Через сорок лет он разыскал её через международный Красный Крест и они смогли встретиться, ведь времена были уже не те.
Я смотрел на неё и думал о том, как красив душой должен быть человек, способный так любить.
Она проводила нас до дверей. Я не удержался и, по старинному обычаю, поцеловал ей руку.
Уезжали мы молча.
* * *
Зима была лютой. Периодически нам приходилось пробиваться через снежные заносы и уже два адреса не были закрыты потому, что дорог к ним не существовало. Все сроки возвращения были сорваны и мы всерьёз опасались, что нас уже начали разыскивать.
В селе никто о нашем адресате не знал.

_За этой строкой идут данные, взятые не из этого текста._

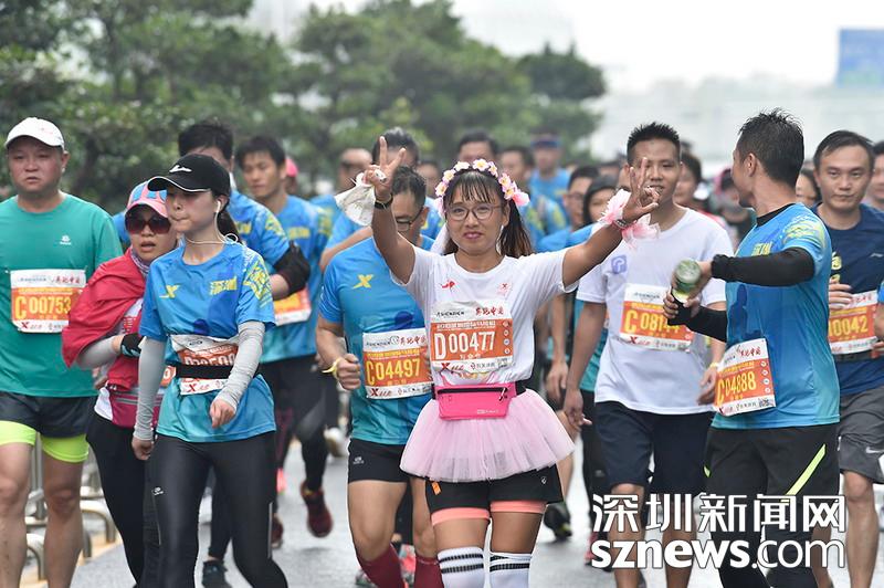 2018年12月16日,深圳國際馬拉松位于后海的折返點(diǎn),一名著女式短裙的選手正在向終點(diǎn)沖刺。

Более того, старушек с таким именем и фамилией в селе было несколько, а отчество в документах указало не было. В сельском совете нам подсказали, что скорее всего корреспонданцию из-за границы может получать только одна жительница, но она живёт на хуторе,в лесу, в трёх километрах от села и дороги туда нет.
Хрен с ней, с дорогой! Где хутор? Вон там, в лесу, южнее села.
Машина за поворотом сельской улицы втыкается в сугроб. Мы выходим, плотнее застёгиваем "пуховки" и уходим по снежной целине. Насмешкой над нами, вдалеке, под снежно серой стеной леса виднеются редкие хаты.
Проваливаясь в снег, матерясь и придерживая капюшоны, мы медленно приближаемся к хутору.
У первой хаты появляется колея и идти становится легче. Стихает ветер. Ни души. Даже собаки молчат. Всё занесено снегом. Наконец, в одном из дворов мы замечаем колющего дрова мужчину. Он указывает нам необходимую хату.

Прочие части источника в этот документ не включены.